The funding streamlines the way mobile clinics operate in rural areas. It also provides an economic boost to South Carolina companies tasked with hardwiring sites and mobile clinics. However, the real beneficiaries are people in underserved communities.
“Previously, technology tied our hands,” Watt said. “If patients came steadily, we could make it work, but if many came at once we often couldn’t see them because of delays in service. A more stable connection has changed all of that so that we can see more patients.”

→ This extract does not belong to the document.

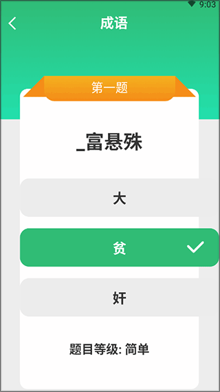 1、下载安装好成语精英,打开软件主页面,选择好难度进行游戏。

James McElligott serves as medical director for the Medical University of South Carolina Center for Telehealth and as co-chair for the South Carolina TeleHealth Alliance advisory council. He explains that many gaps in care for diabetes, cardiovascular health and pre-term deliveries for pregnancies are due to lack of access to prevention and screening. Although MUSC has been involved in telehealth initiatives since 2005, McElligott has seen the number of related initiatives accelerate in the last five years.
“This is another reason to bring MUSC and Clemson closer together to collaborate and accomplish great things in the realm of public health,” McElligott said. “It gives us all more options when we strategize our delivery of health care to the people who need it. This is a tangible and real front that we can work on and further develop.”